▶ _DIRECTIONS_: Begin at the line containing "By turning on" in the records below, end at the line containing "Le client souhaitait", and retype each line in that span exactly. No other line and no image should appear.

** STUDY MATERIAL follows **

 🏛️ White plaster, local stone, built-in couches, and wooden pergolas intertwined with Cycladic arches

** End of STUDY MATERIAL **
** STUDY MATERIAL follows **

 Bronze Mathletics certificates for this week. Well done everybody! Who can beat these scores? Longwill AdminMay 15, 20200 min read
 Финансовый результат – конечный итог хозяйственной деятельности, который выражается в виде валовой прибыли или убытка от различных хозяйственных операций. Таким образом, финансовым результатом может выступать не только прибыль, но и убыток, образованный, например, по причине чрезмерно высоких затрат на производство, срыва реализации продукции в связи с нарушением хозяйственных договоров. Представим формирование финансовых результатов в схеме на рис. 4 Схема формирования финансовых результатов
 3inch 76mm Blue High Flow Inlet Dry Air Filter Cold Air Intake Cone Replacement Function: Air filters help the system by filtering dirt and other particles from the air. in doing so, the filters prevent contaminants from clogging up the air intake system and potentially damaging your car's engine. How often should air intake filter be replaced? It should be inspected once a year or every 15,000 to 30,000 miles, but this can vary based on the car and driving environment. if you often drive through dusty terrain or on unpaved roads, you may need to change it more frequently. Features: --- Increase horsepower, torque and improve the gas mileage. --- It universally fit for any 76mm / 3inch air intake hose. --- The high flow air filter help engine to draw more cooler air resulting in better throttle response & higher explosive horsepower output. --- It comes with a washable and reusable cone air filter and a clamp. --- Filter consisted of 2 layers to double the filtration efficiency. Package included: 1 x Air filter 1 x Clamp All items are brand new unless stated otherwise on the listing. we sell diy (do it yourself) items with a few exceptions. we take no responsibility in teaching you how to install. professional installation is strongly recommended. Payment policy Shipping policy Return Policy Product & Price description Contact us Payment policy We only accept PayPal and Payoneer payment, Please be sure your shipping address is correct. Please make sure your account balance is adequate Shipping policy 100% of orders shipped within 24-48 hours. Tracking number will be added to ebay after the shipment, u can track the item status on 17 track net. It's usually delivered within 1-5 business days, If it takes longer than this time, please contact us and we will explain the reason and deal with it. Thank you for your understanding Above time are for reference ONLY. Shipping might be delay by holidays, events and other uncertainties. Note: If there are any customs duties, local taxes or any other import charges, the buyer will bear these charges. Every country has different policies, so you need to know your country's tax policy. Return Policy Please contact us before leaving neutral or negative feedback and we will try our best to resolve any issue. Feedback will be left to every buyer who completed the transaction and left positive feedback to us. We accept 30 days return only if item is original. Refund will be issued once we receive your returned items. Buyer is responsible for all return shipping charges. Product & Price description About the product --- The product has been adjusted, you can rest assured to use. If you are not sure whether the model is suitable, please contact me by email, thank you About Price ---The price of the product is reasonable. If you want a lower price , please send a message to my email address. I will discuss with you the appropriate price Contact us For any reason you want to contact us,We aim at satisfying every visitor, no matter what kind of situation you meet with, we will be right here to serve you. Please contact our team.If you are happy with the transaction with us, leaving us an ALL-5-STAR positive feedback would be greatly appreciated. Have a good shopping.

** End of STUDY MATERIAL **
** STUDY MATERIAL follows **

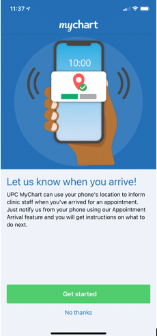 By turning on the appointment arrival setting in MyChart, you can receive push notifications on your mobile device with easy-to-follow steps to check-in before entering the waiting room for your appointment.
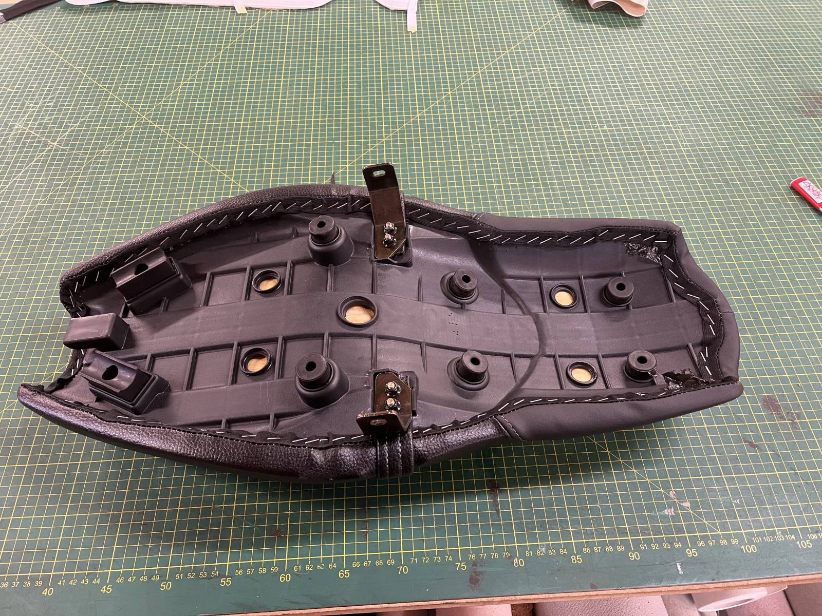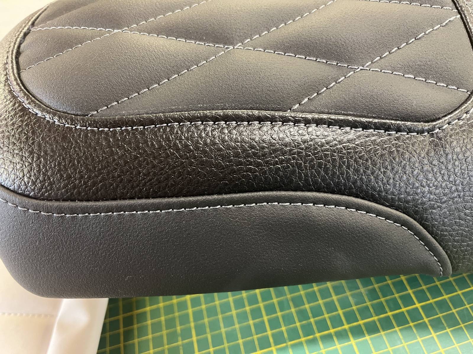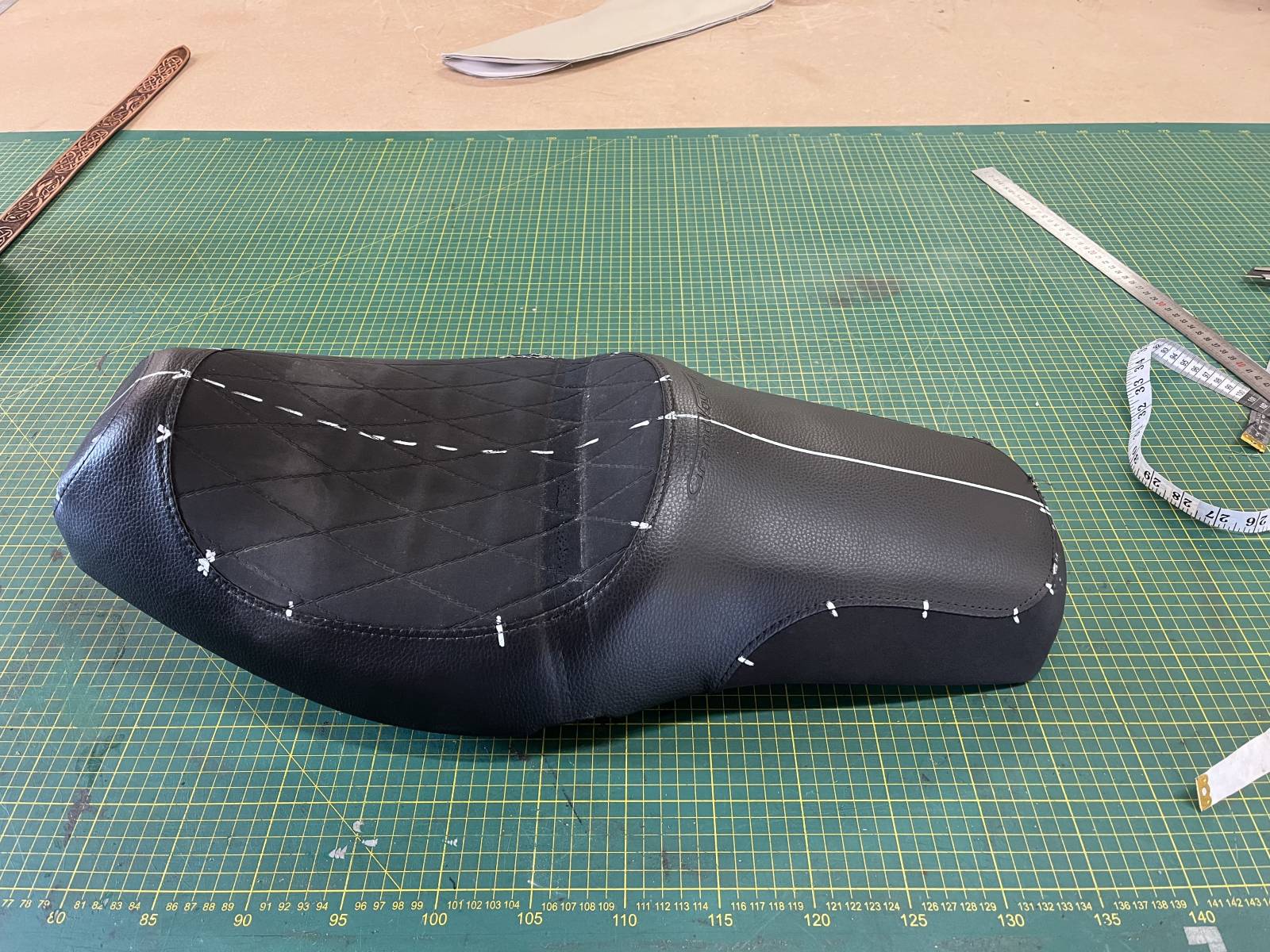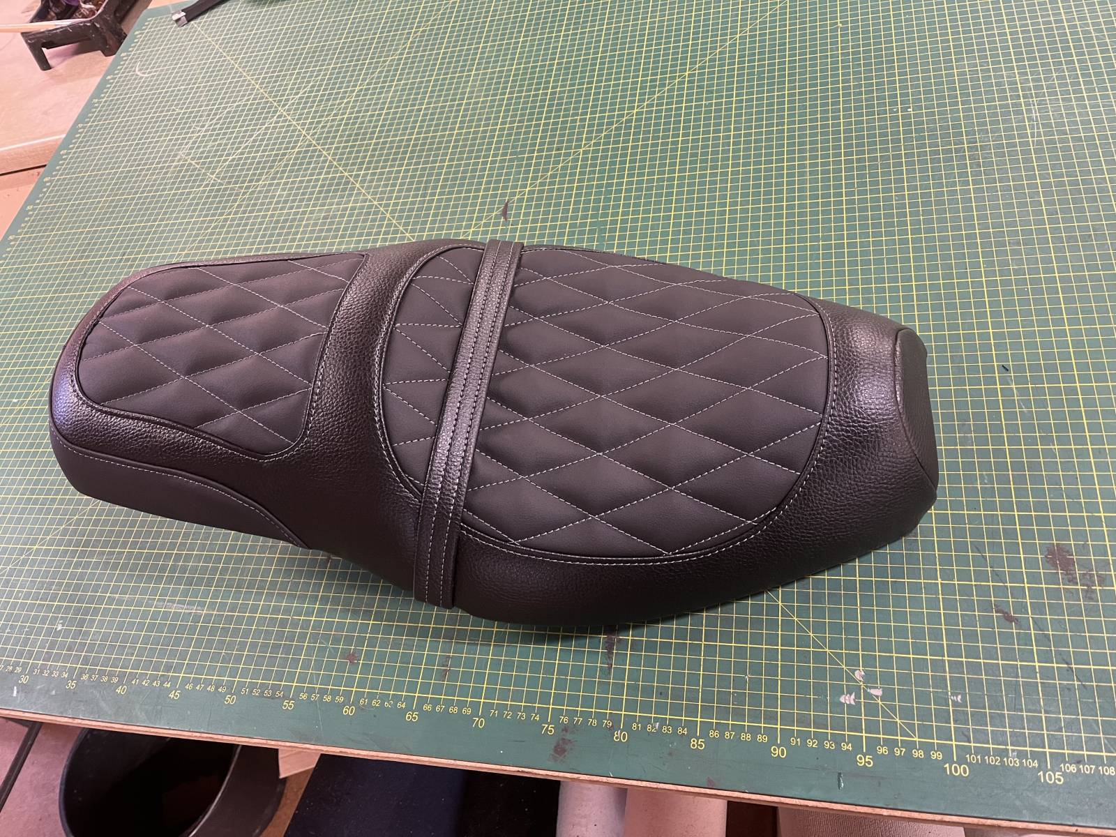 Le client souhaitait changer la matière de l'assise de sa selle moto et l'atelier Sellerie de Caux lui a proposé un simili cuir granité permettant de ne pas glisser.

** End of STUDY MATERIAL **

▶ _RESULT OF THIS EXERCISE_:
 By turning on the appointment arrival setting in MyChart, you can receive push notifications on your mobile device with easy-to-follow steps to check-in before entering the waiting room for your appointment.
 Le client souhaitait changer la matière de l'assise de sa selle moto et l'atelier Sellerie de Caux lui a proposé un simili cuir granité permettant de ne pas glisser.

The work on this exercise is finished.